▶ [Exercise objective] Look below for the line with "Bed Frame Handmade" and the line with "chevets structure en". Copy exactly those two lines and every line between, but not the pictures.

▶ [Exercise materials]
=== Section Start ===
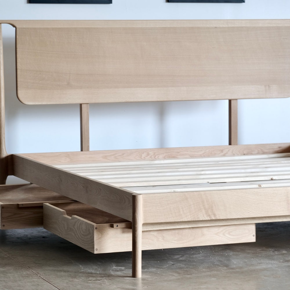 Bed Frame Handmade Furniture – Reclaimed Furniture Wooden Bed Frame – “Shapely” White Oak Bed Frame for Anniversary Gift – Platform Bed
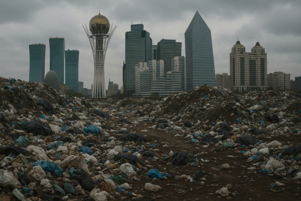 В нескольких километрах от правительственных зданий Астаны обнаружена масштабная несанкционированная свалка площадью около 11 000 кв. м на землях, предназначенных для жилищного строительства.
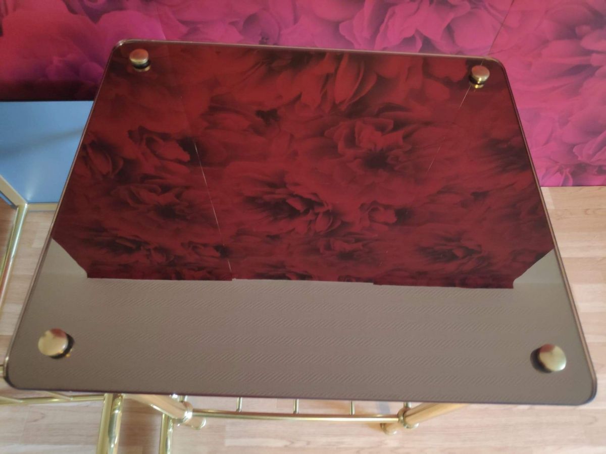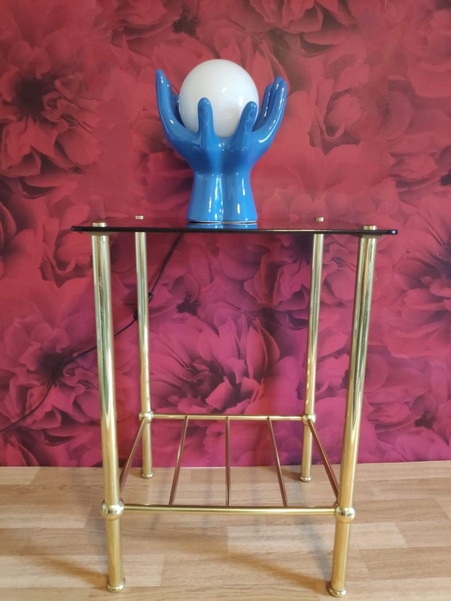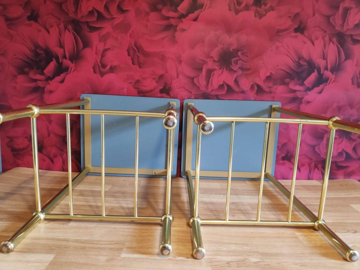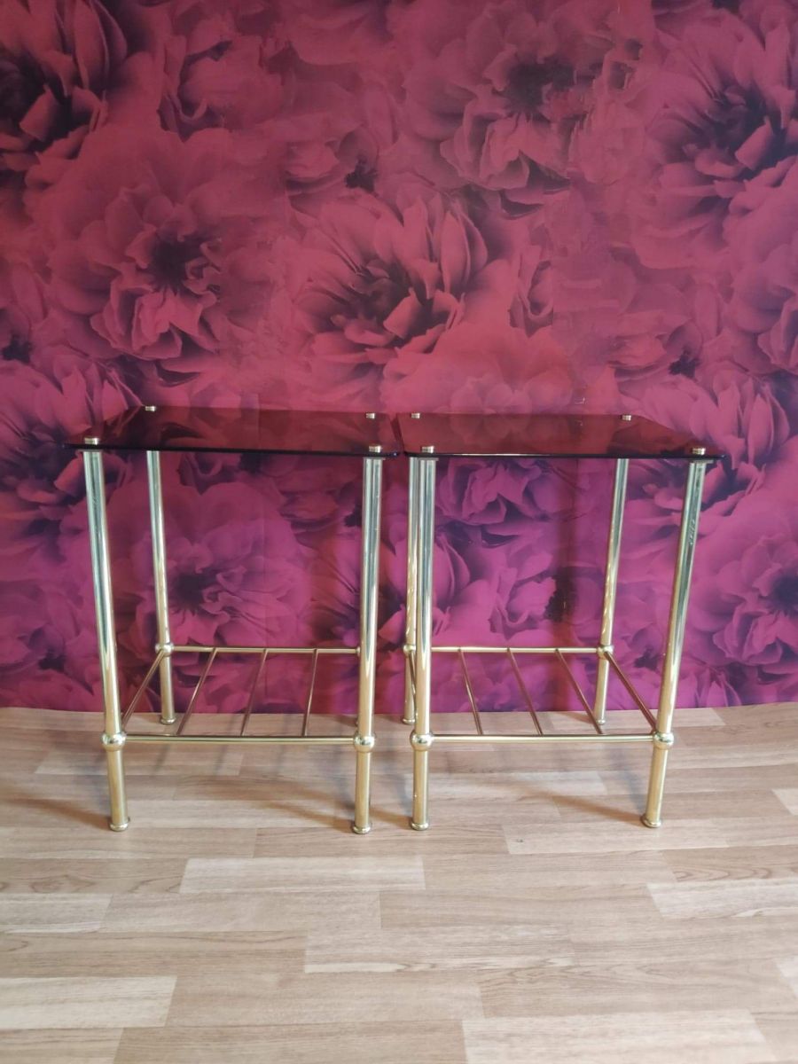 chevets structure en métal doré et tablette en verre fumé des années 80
=== Section End ===
=== Section Start ===
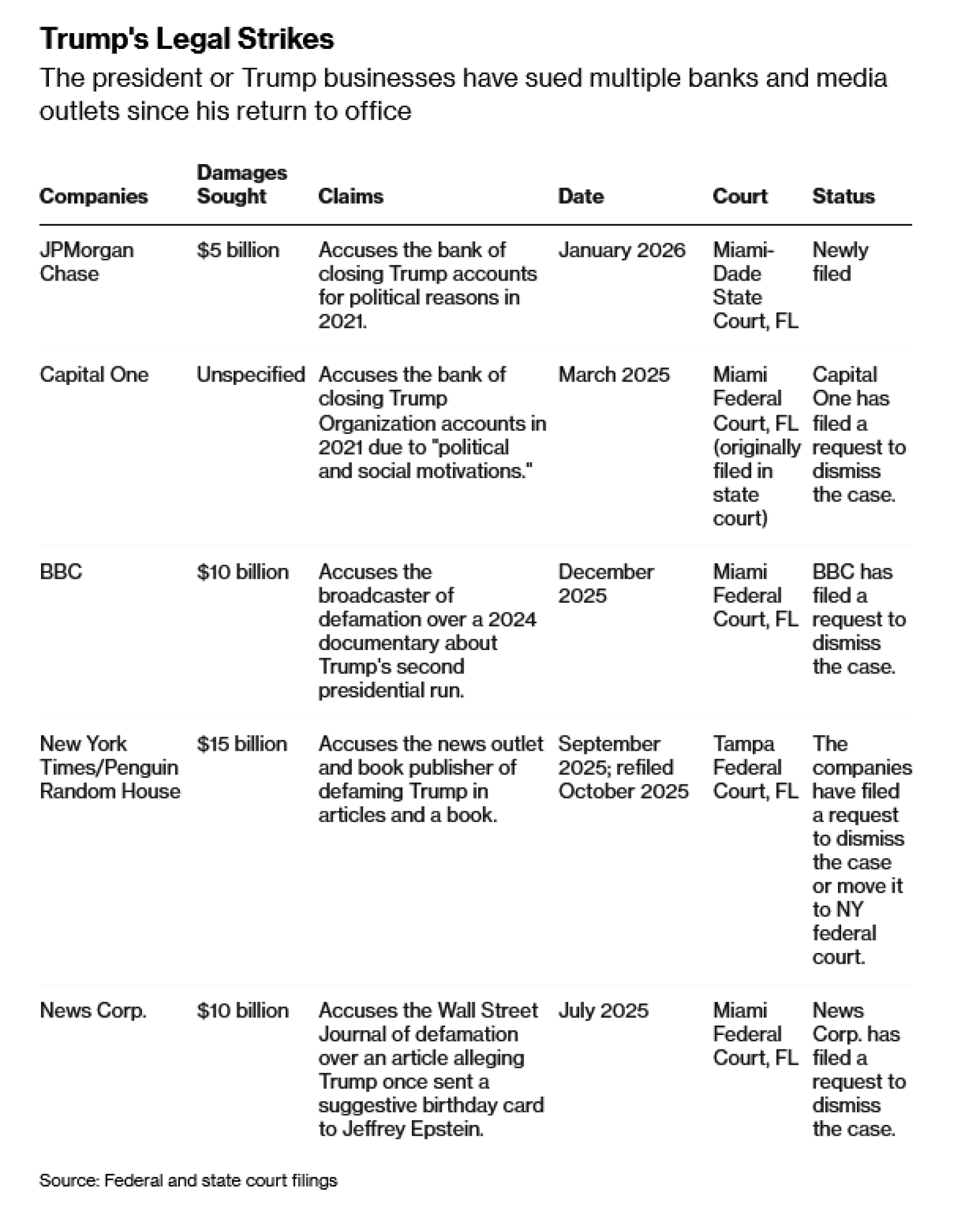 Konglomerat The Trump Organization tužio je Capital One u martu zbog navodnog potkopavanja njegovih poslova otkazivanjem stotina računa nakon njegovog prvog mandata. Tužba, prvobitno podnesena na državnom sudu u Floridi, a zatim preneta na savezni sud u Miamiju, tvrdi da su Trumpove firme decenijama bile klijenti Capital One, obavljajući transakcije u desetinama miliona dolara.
=== Section End ===
▶ [Reply]
 Bed Frame Handmade Furniture – Reclaimed Furniture Wooden Bed Frame – “Shapely” White Oak Bed Frame for Anniversary Gift – Platform Bed
 В нескольких километрах от правительственных зданий Астаны обнаружена масштабная несанкционированная свалка площадью около 11 000 кв. м на землях, предназначенных для жилищного строительства.
 chevets structure en métal doré et tablette en verre fumé des années 80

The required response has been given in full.